Авраамий творил не только в прозе, он был также поэтом. Хотя его стихотворное наследие ограничивается только двумя
75
предисловиями к «Христианоопасному щиту веры», причем компилятивными, он замечателен в истории литературы как первый поэт–старообрядец. Замечателен он и как единственный, насколько известно, бывший юродивый, писавший и прозу, и стихи.
Жизнь Саввы Нового и судьба Авраамия доказывают, что слабоумие юродивых, их духовное убожество — во всяком случае не общее правило. Нельзя подозревать в слабоумии образованного исихаста или крамольного мыслителя, вождя московской старообрядческой общипы, который очень достойно и ловко вел себя во время розыска. Оценивая личность Саввы Нового и личность Авраамия, мы руководствуемся непреложными фактами.

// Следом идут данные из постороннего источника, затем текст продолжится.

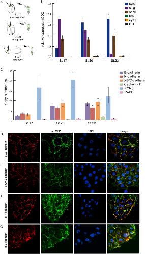 Fig. 1. Expression profile of different cadherin subtypes in Xenopus cranial neural crest (CNC) cells. (A) cDNAs for real-time PCR quantification were synthesized using RNAs extracted from Xenopus CNC explants at stage 17, 20 and 23, respectively. (B) The identities of sample tissues were validated via RT-qPCR amplification with different tissue markers. CNC markers twist, slug and snail were present in high abundance in CNC samples throughout all three assayed stages. The mesodermal marker bra, the placodal marker eya1 and the epithelial marker k81 were barely detectable in all CNC samples. All values were normalized and calibrated to the expression of the reference gene ornithine decarboxylase (ODC) (expression of ODC=1). (C) Copy number (per cell) of E-, N-, XB/C-cadherin, Cadherin-11, PCNS and PAPC in CNC during migration. Copy number of each cadherin was calculated by absolute quantification using standard curves. At least three independent quantifications were performed and the bars indicate average values with standard deviations. Immunofluorescence staining of endogenous XB-cadherin (D), C/XB-cadherin (E), N-cadherin (F) and E-cadherin (G) on CNC explants. CNC cells were labelled with membrane GFP and explanted on a fibronectin-coated surface at stage 17. DAPI staining was used to visualize cell nuclei. All cadherins are prominently localized at cellâcell contacts. Scale bar: 10 μm.
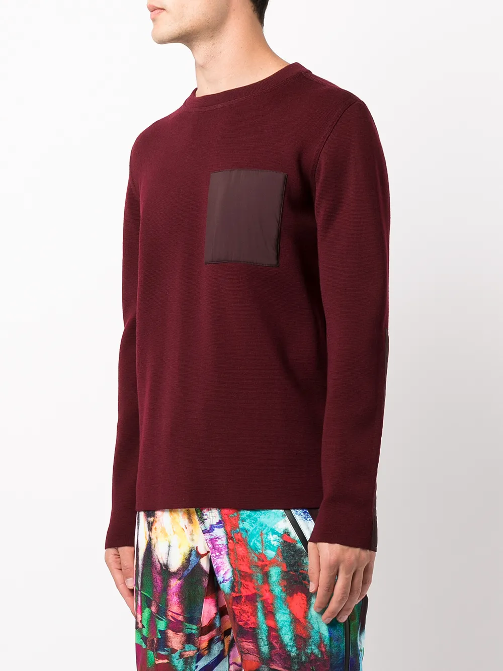 Тонкая вязка, нагрудный накладной карман, круглый вырез, длинные рукава и прямой подол. Цвет: красный.

В их свете приходится с большим доверием относиться и к житиям юродивых, сообщающим о «самопроизвольном безумии» персонажей.
Почему все‑таки ученик Аввакума Афанасий отказался от «юродственного жития» и пошел в монахи? Православная доктрина в принципе не возбраняла смену подвига: это распространялось и на юродство. Исаакий Печерский сначала был затворником и только потом стал юродствовать (здесь должно заметить, что юродство Исаакия — это, по–видимому, результат болезни, как видно из житийных и летописных текстов). Напротив, юродивая монахиня Исидора, которую прославил Ефрем Сирин, «не терпящи быти почитаема от сестр» [13] по обители, ушла из нее и до смерти подвизалась в подвиге пустынничества. Жизнь Саввы Нового — как бы подвижническая «лествица», в которой есть и юродственная степень. Следовательно, к отказу от юродства могут привести самые разнообразные соображения, как внутренние, так и внешние побуждения. Одно из таких побуждений — стремление заняться писательским трудом.